Living in a scent-free world
- Chronic conditions
- 21 Feb 2017
Living in a scent-free world
Working in a restaurant is an unfortunate way to learn that you’ve lost your sense of smell, says Alahree McDonell.
“I was around 19 at the time,” recalls Alahree of the day she realised, quite by accident, that she couldn’t smell anything. “I’d put cream on a dessert which was served to a customer, but I didn’t know that the cream had turned. The chef was furious.” That experience put an end to her dream of becoming a chef, but it was the beginning of a new journey into a life with anosmia, the medical term used for the inability to smell ‒ and the most common type of olfactory disorder, according to UK-based charity Fifth Sense.
Nobody knows for sure, but it’s estimated that about 5% of the population may suffer from severe hyposmia (reduced sense of smell) or anosmia, which can have a number of causes. In about 1% of cases, it’s congenital, meaning people are born with it. Some 70% of cases, including Alahree’s, stem from sinonasal disorders and allergies. Alahree has asthma as well as a condition called chronic rhinosinusitis (CRS), an ongoing inflammation of the nasal passages that interferes with mucus drainage. Other main causes include viruses (11%) and head injuries (5%). In around 6% of cases, no cause is ever determined.
“It’s not nothing”
Over the years, Alahree has tried to find possible solutions like the steroids she takes for her CRS and asthma, surgery to remove nasal polyps (teardrop-shaped swellings of the nasal lining) and even adjusting her diet, but she mostly just focuses on living her life. “There’s an acceptance. What can you do? You can’t live life in a heightened state of pity,” she says. Nevertheless, Alahree notes that anosmia does have a large impact on a person’s quality of life. She points out, for example, that about 80% of flavour comes from your nose. She can distinguish between the five main tastes ‒ salty, bitter, sweet, sour and umami (savoury) ‒ but she cannot tell the difference between strawberry and chocolate. “There’s no point taking me out to an expensive restaurant. All the subtleties are lost on me,” she says, noting that she relies on other things like texture and spiciness.
Of course, safety is another issue. “There have been a few dangerous incidents, like when my neighbour’s house was on fire and when my car overheated,” neither of which Alahree was aware of. Fortunately other people were around to do the smelling for her, but “you never adjust to how you pre-empt that kind of danger,” she says. And, as a mum, one of the most upsetting things for Alahree has been missing out on knowing the unique scents of her three children.
In her opinion, the healthcare system could do better at addressing the condition. “It’s seen as superficial compared to loss of other senses, but it’s not nothing,” she says. “They’ve overlooked the way it does affect you. It can contribute to things like depression, for example.” The Monell Center in the US wants to change that. It’s carrying out various scientific projects including testing whether healthy stem cells can be grown into functioning olfactory receptor neurons.
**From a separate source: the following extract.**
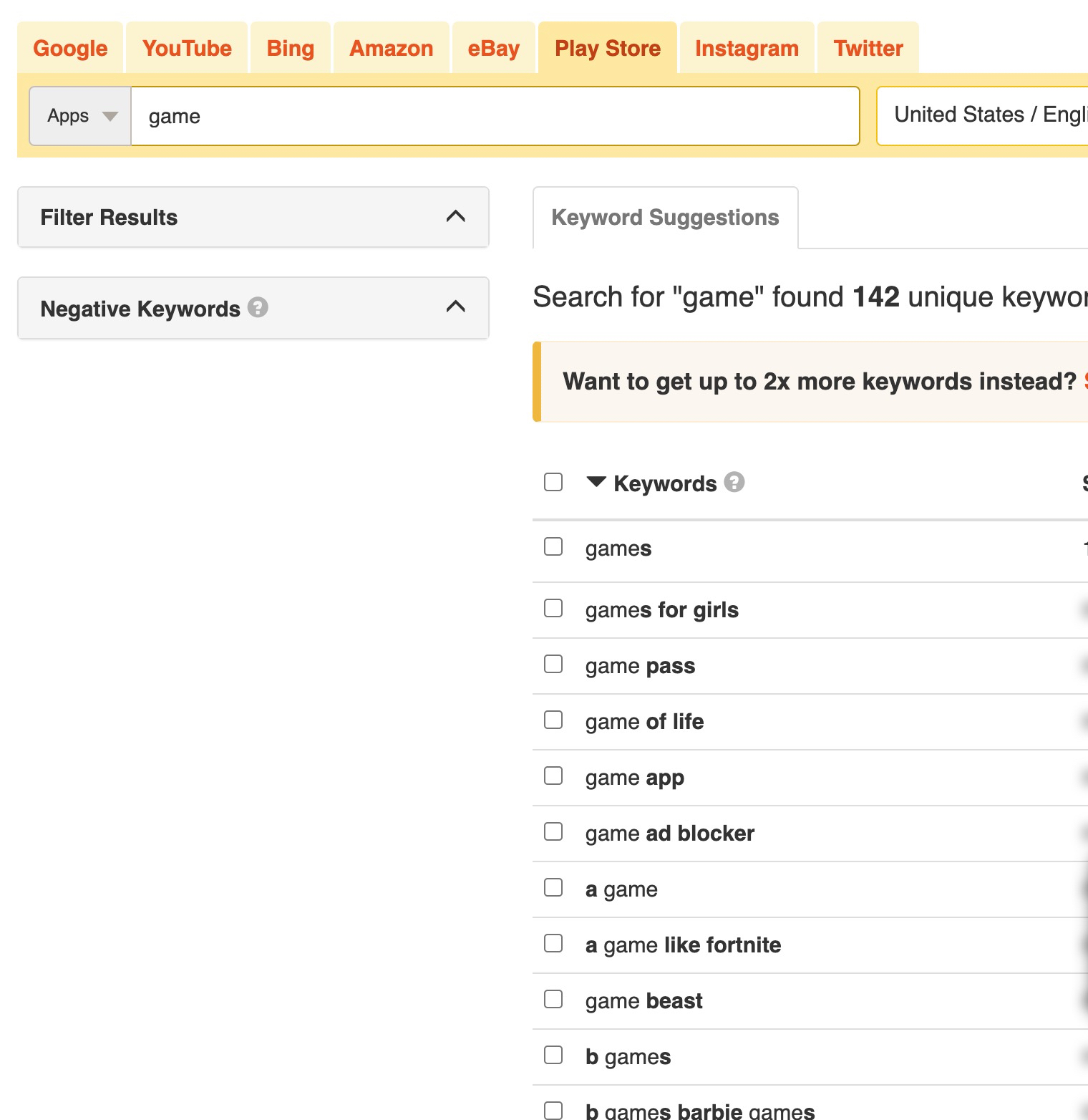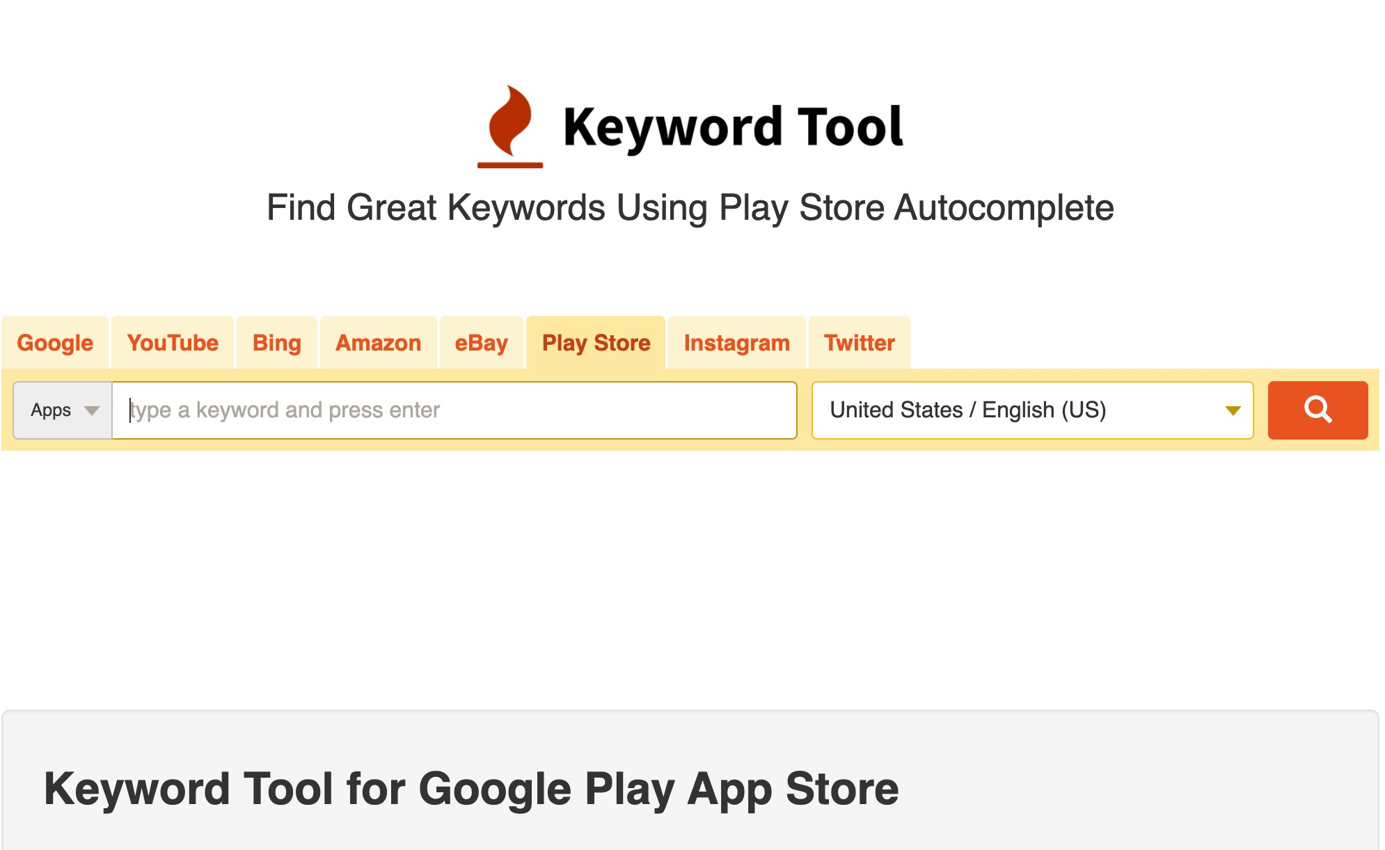 keywordtool.io uses the App Store auto-completion function to generate keywords based on the search terms you specify. It uses different letters and numbers to add prefixes and suffixes to your keywords, resulting in hundreds of search recommendations from Google Play app stores (similar to Google recommendations) the keyword of the app store extracted from.

Another ongoing study aims to identify the genes that cause congenital anosmia. This could allow scientists to learn about the underlying causes and potentially identify treatment options. Researchers have also been looking into “smell training”, a technique used to stimulate the sense of smell by repeatedly/methodically introducing odours, akin to how perfumers learn to distinguish among scents.
Alahree keeps an eye on new research findings, but at the same time she refuses to let anosmia get in the way of life. “I’m fortunate that I have all my other faculties. It’s just as well that I didn’t train to be a chef, but people are actually amazed that my cooking tastes quite good,” she quips.